Live album by Barry Manilow
- Released: 1982 January 25, 1993 (re-release)
- Recorded: 11, 12 January 1982
- Venue: Royal Albert Hall, London
- Genre: Pop Easy listening
- Label: Arista
- Producer: Barry Manilow, Michael DeLugg

Barry Manilow chronology
| If I Should Love Again (1981) | Barry Live in Britain (1982) | Here Comes the Night (1982) |

= Barry Live in Britain =

Barry Live in Britain is the eleventh album released by singer and songwriter Barry Manilow. The album was recorded live at the Royal Albert Hall in London in January 1982 with Victor Vanacore as the musical director. It was a huge success in Britain, soaring to number one on the charts, reaching platinum status., but was not issued by Arista in the U.S.

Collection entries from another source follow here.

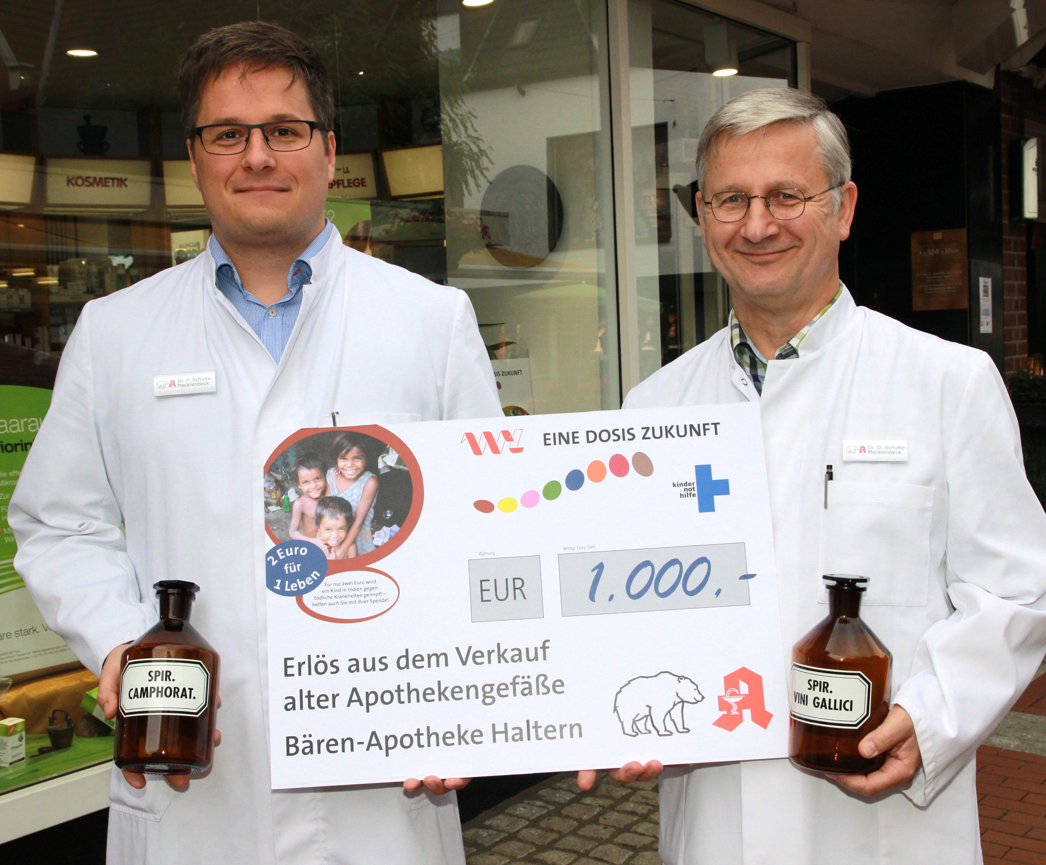 Stolze 1.000 Euro kamen im Herbst durch den Verkauf historischer Apothekengefäße in der Halterner Bären-Apotheke zusammen. Darüber freuten sich die Apotheker Dr. Dirk Schulte-Mecklenbeck (re.) und Dr. Philipp Schulte-Mecklenbeck. Foto: AKWL/Sokolowski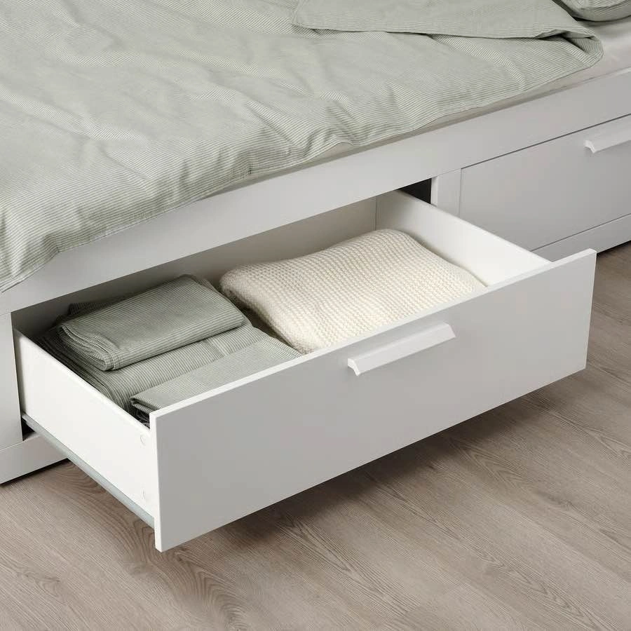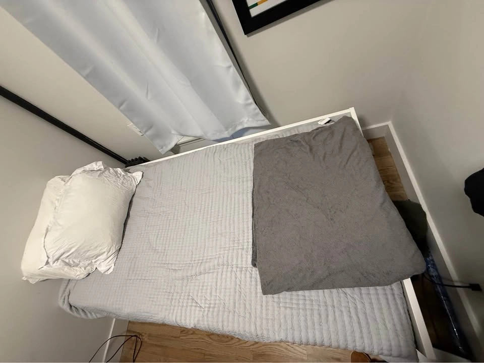 Perfect for a guest room, studio apartment, or kid’s room. This is a 3-in-1 setup: sofa by day, single bed at night, or pull out the base for a full double bed when guests stay over. Both VANNAREID pocket spring mattresses included. Two large storage drawers underneath for sheets, pillows, or whatever you need to hide away. White frame, minor wear consistent with normal use — nothing structural, looks great. Dimensions: 41” wide as sofa / 78” wide as double bed, 76” long. Buyer must disassemble and haul. I can help load. Pickup in East Village.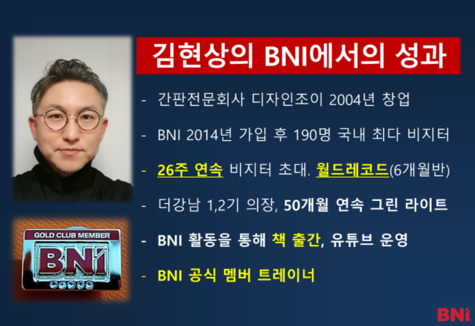 bni 더강남 챕터 디자인조이 간판업 김현상 대표님의 BCD 데이를 위한 비지터 초대 노하우를 알 수 있는 시간이었습니다.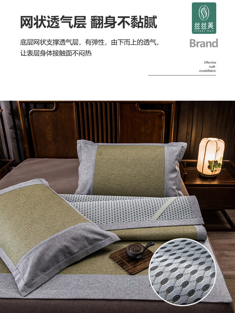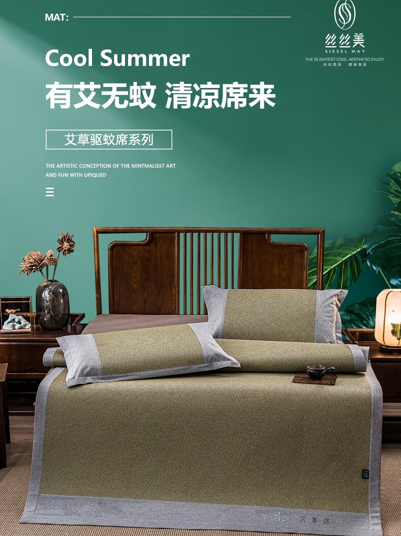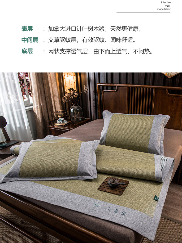 Sisimei cool mat 1 8m wormwood mosquito repellent rattan seat three-piece set folding summer air conditioner 15m student ice silk grass mat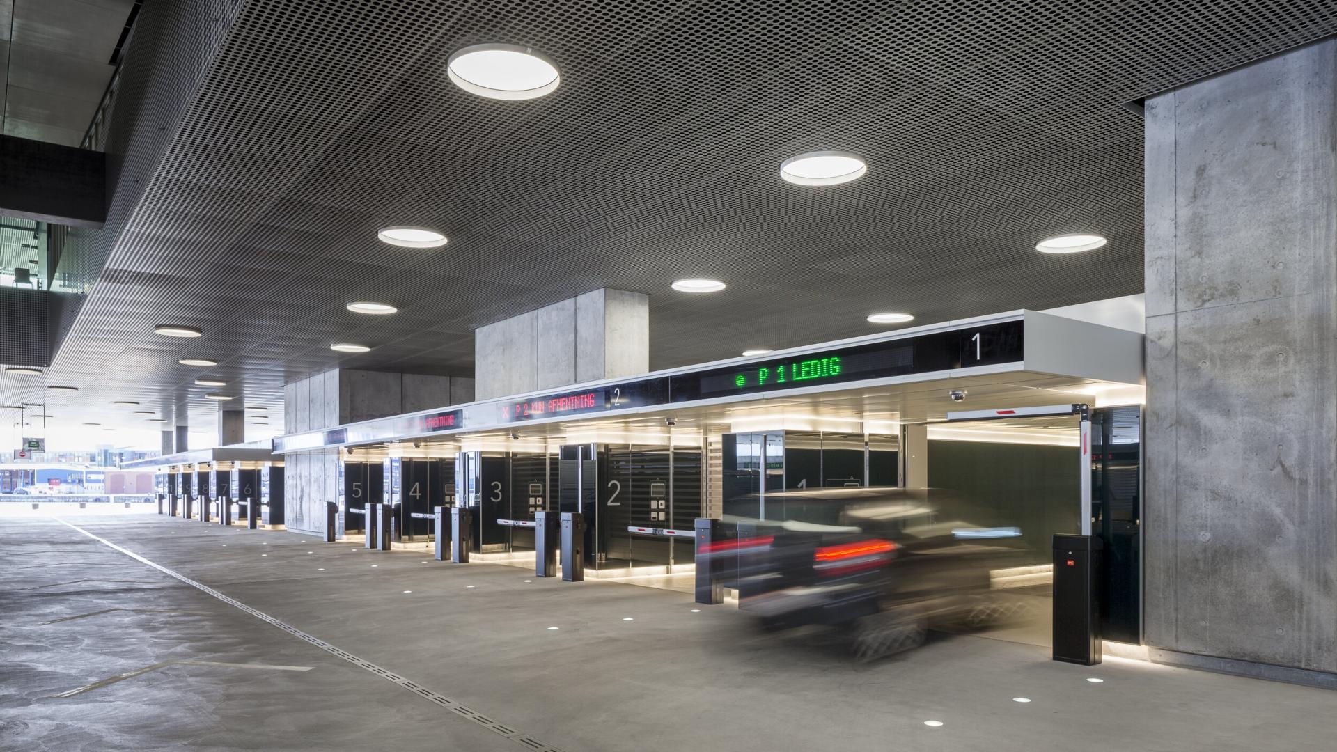 Fra gadeplan er der adgang via de tre udendørs trapper og elevatoren under bygningen. Nedenfor Dokk1 finder du også Ankomstcentret med rulletrappe og elevatorer. Børneafdelingen på niveau 2 nås med de indendørs elevatorer eller via den centrale rampe på niveau 1, hvor der også er trapper med gelænder.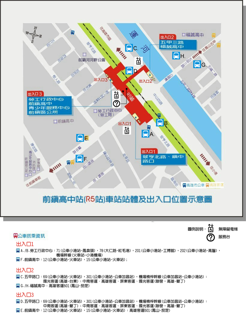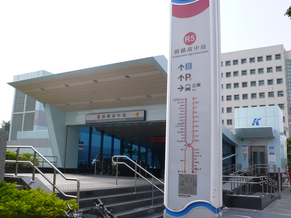 前鎮高中站位於中山四路、五甲三路、鎮中路口,分別有三個出入口。高雄市勞工行政中心、前鎮區行政中心、前鎮高中、福誠高中等都在本站範圍內,串連前鎮草衙和高雄縣五甲市鎮。前鎮河整治美化之後,也是休憩的好去處,媲美愛河。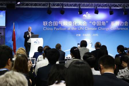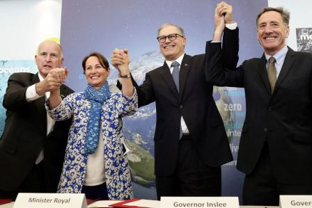 Prior to the event at the China Pavilion, Governor Brown joined France’s Minister of Ecology, Sustainable Development and Energy Ségolène Royal, Washington Governor Jay Inslee and Vermont Governor Peter Shumlin at the French Pavilion in the green zone at Le Bourget, an event hosted by the French government to highlight aggressive climate action amongst American states. At the conclusion of the event, the leaders signed a joint declaration to confirm their commitment to cooperate and support exchanges on sustainable economic development, climate change and related technologies and policies.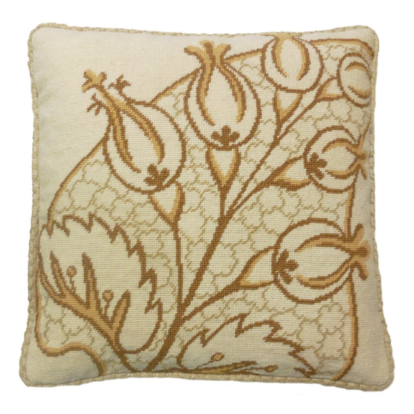 Handmade Wool Needlepoint Pillow Cover - Decorative Throw Cushion Cover - Vintage Floral Embroidery Design brown/yellow big leaves/Flowers checker cording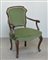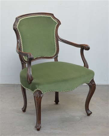 Poltrona in noce con schienale e braccioli intagliati e sagomati. Secolo...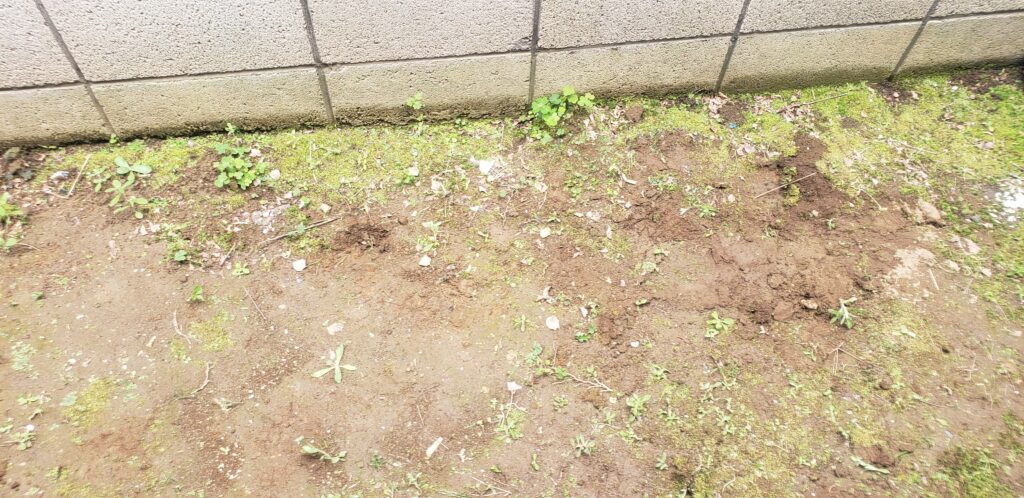 現場状況:一戸建てのお庭/搬出経路は家外周の狭い通路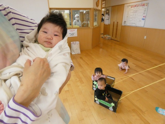 つぼみさんは、段ボールの車に乗せてもらい、ドライブをしていましたよ。ハイハイが上手なお友だちの方が早い感じでしたが、小さな赤ちゃんも抱っこで見守っていました。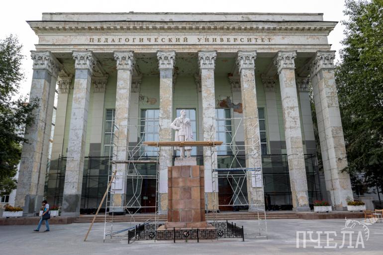 Оказалось, что памятник не состоит на балансе ни у вуза, ни у мэрии, ни у районной администрации. Вероятнее всего, за него отвечает Госкомитет охраны объектов культурного наследия. Однако и там о возможной реконструкции ничего не знают. «Пчела» отправила запрос. Специалисты госкомитета пообещали чуть позже дать ответ, находится ли монумент в их ведении и что за работы идут на объекте.

The LP contains one new song that became a hit single, "Stay" that reached #23 in the UK.

Professional ratings
Review scores
| Source | Rating |
| Allmusic | (Not Rated) link |

==Track listing==

===Side 1===
1. "It's a Miracle/London" - 5:10
2. "The Old Songs Medley" - 9:45
3. "Even Now" - 3:30
4. "Stay" - 3:15
5. "Beautiful Music/I Made It Through the Rain" - 7:15

===Side 2===
1. "Bermuda Triangle" - 4:05
2. "Break Down The Door/Who's Been Sleeping In My Bed" - 5:05
3. "Copacabana (At The Copa)" - 3:40
4. "Could It Be Magic/Mandy" - 5:40
5. "London/We'll Meet Again" - 4:25
6. "One Voice" - 3:04
7. "It's a Miracle" - 1:05

==Personnel==
- Barry Manilow - vocals
- John Pondel - guitar
- Carl Sealove - bass
- Robert Marullo, Victor Vanacore - keyboards
- Bud Harner - drums
- Robert Forte - percussion
- Bill Page - woodwind

==Charts==

| Chart (1982) | Position |
|---|---|
| United Kingdom (Official Charts Company) | 1 |

==Certifications==

| Region | Certification | Certified units/sales |
| United Kingdom (BPI) | Platinum | 300,000^{^} |
^{^} Shipments figures based on certification alone.